The error of the butterfly's output should be on the order of an LSB or two. The best you can do is a little more than 1/2 LSB (partly due to $W_N$ rounding). Three LSBs of error for just the butterfly is a lot. Debug your error with just the butterfly. Remember the signal grows through the FFT so errors across stages do not directly add. Getting the rounding exactly correct is surprisingly quite difficult. Getting it close is not hard. The matlab function diff() will give you a huge help in reducing error.

e) [10 pts] State how many clock cycles your FFT requires to complete the transform from the last sample in to the first sample out. Also give a simple breakdown of how those cycles are used.
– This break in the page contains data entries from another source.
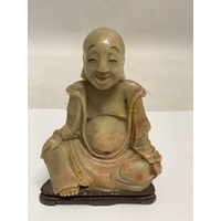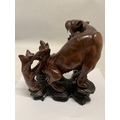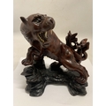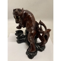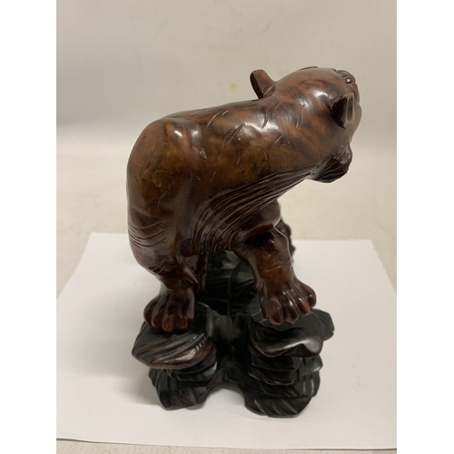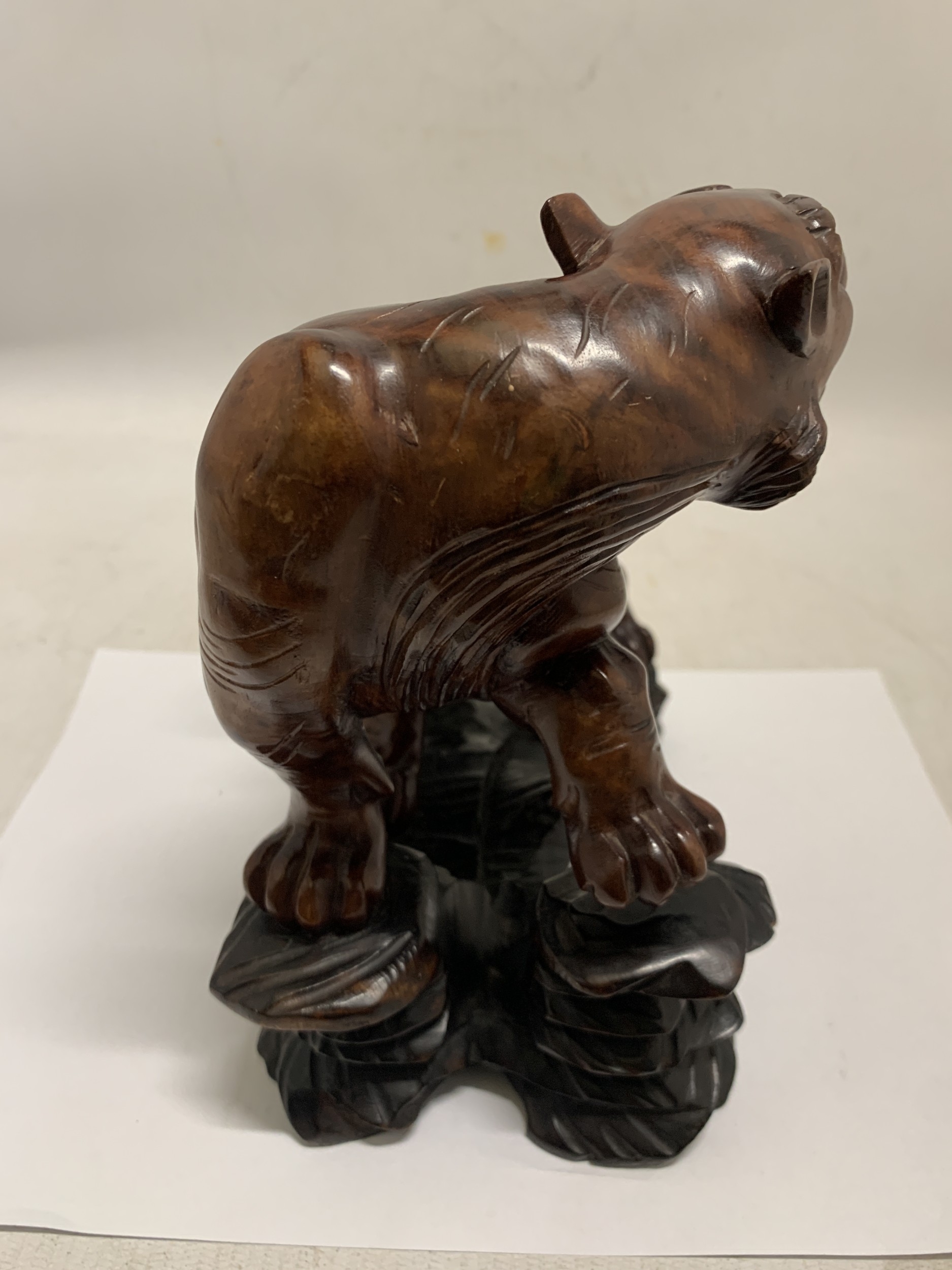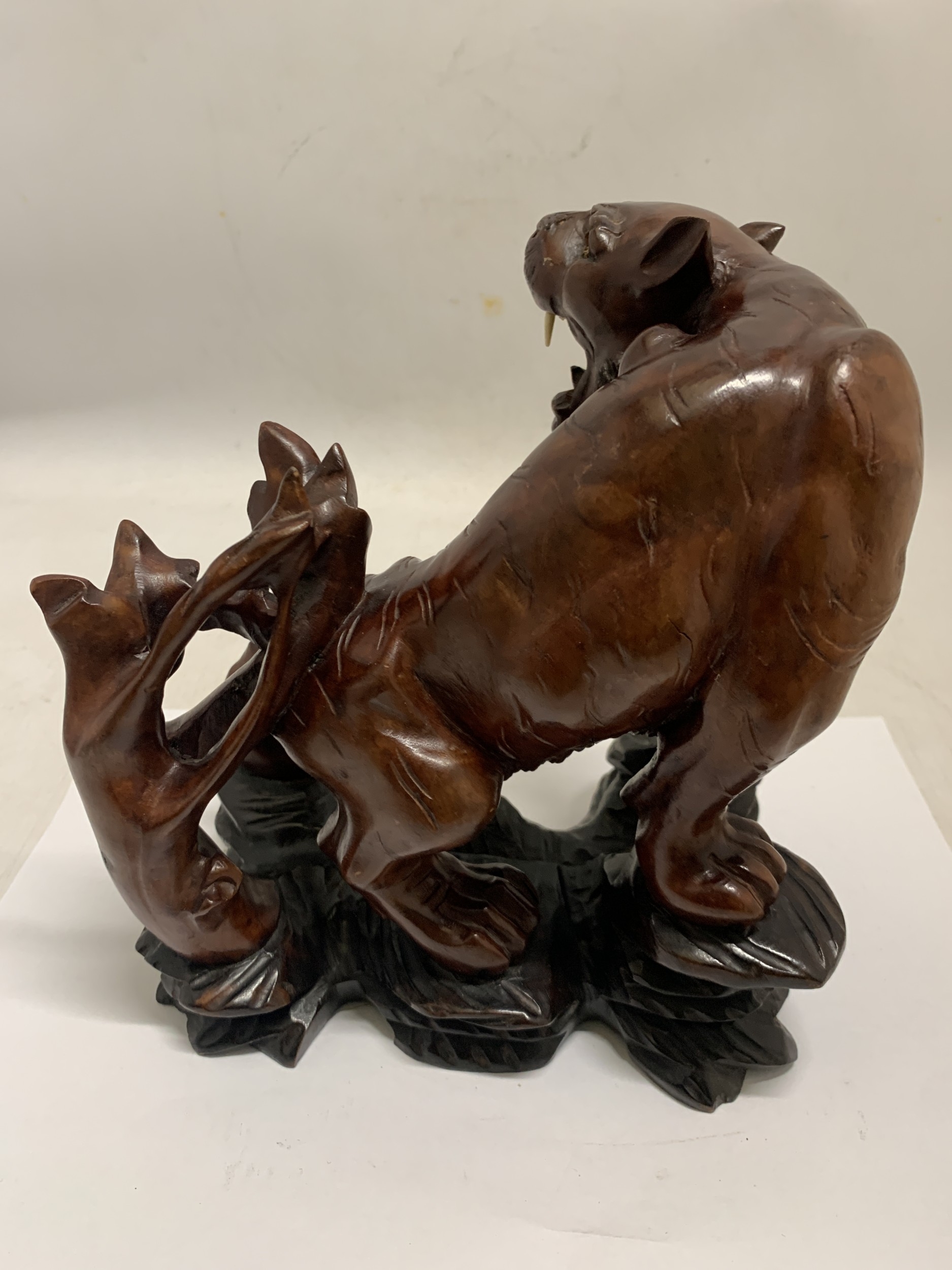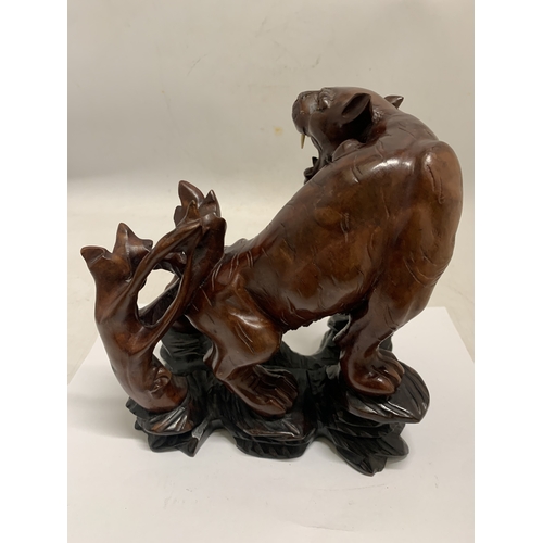 A CHINESE HAND-CARVED WOODEN TIGER STATUE WITH GLASS EYES - 19 CM (H) 18 CM (L)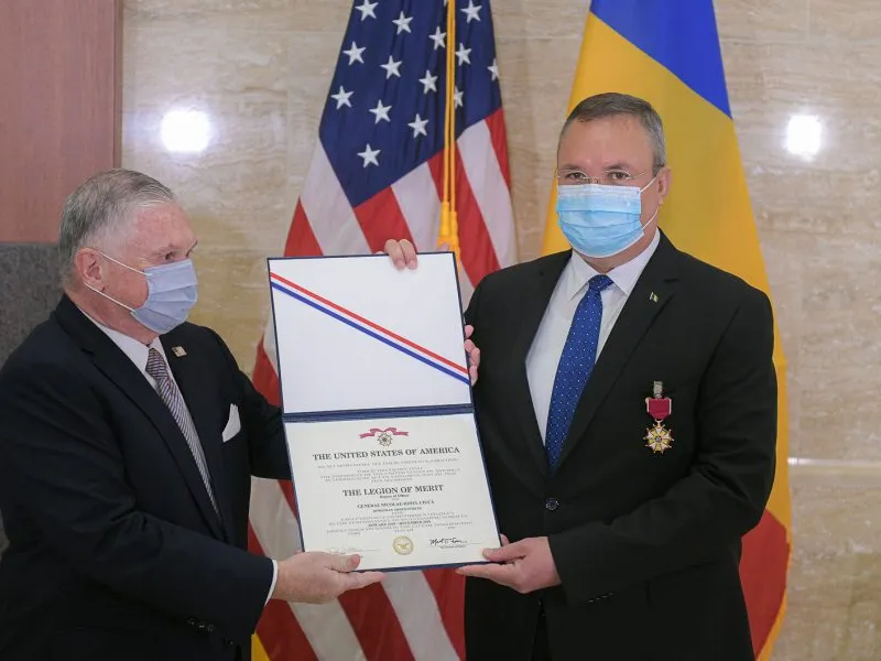 Premierul interimar Nicolae Ciucă a fost decorat, marţi, cu Legiunea de Merit pentru activitatea de şef al Statului Major al Apărării, în cadrul unei cermonii care a avut loc la sediul Ambasadei Statelor Unite ale Americii.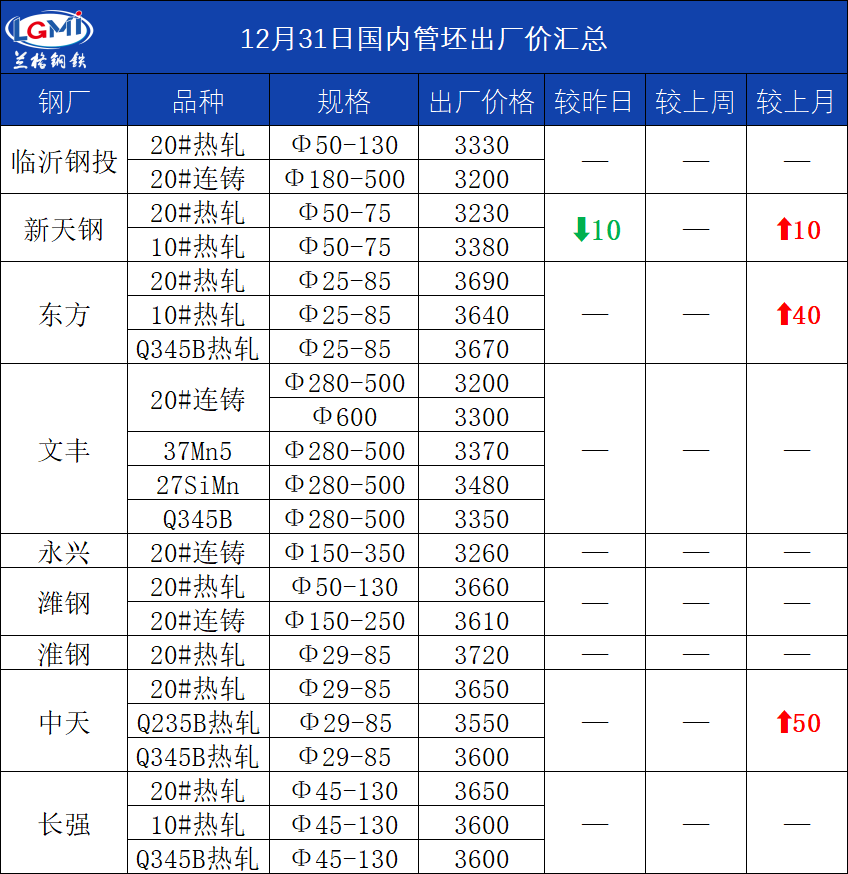 • 12月31日(11:00)主导钢厂20#热轧管坯出厂价

f) [0-25 pts] Latency points for shorter time from last sample in to first sample out; in relation to other designs in the class. Must be fully functional, with working and tested matlab-accurate plots.
Synthesis

e) [40 pts] Synthesize the FFT block without errors or serious warnings. Turn in paper copies of the following. Print in a way that is clear and easy to understand but conserves paper (multiple files per page, 8 or 9 point font, multiple columns).

1. Slice/summary report
2. Any warning/error report
3. Power report
4. Timing report; first (longest) path only
5. source verilog files
6. test verilog files
7. source matlab files

f) [0-25 pts] Area points for smaller FFT area in relation to other designs in the class. Must be fully functional, with working and tested matlab-accurate plots and clean synthesis (no errors or serious warnings).

Possibly-helpful suggestions

- Work on a block at a time; for example, get things working in this order:
  o First generate a single butterfly output--the imaginary part of the X butterfly output would be a good one to start with.
  o Next get the whole butterfly processor working such that it matches matlab butterfly equations with adequate precision and random inputs.
  o Next pipeline and synthesize the datapath so it meets timing.
  o Now for the control: write the FFT entirely in matlab using the same equations you will use in verilog. The matlab functions bitget0.m and bitset0.m can come in very handy.
  o Now write verilog to generate all addresses and $W_N$ ROM addresses; pipeline it, and you're almost done.
  o Plan for lots of debugging time!
- As a rule, register all inputs into your top level to give those signals a full clock cycle to work inside your block before they have to be registered again. This does not apply to the multiplier and memory interfaces.
FPGA test using UART

You need to implement the FFT on virtex 5 FPGA and test the design using UART. You can show the FFT functionality using your own input sequence or . The results of the computation must closely match with your simulation results.

What to return
Fully tested design with testbench and hardware demonstration.
- Verified design in simulation
  - First test UART with a testbench separately. Then test UART and FFT module with a complete testbench.
- Verified design in Hardware and demonstration
Use matlab and serial interface to send data from PC to FPGA ML505 board and receive data and show the image using matlab.
- Complete report with detail block diagrams and plots for your results.

For undergraduates
Undergraduates will design an 8-point FFT and all other requirements for implementation and return will stay the same.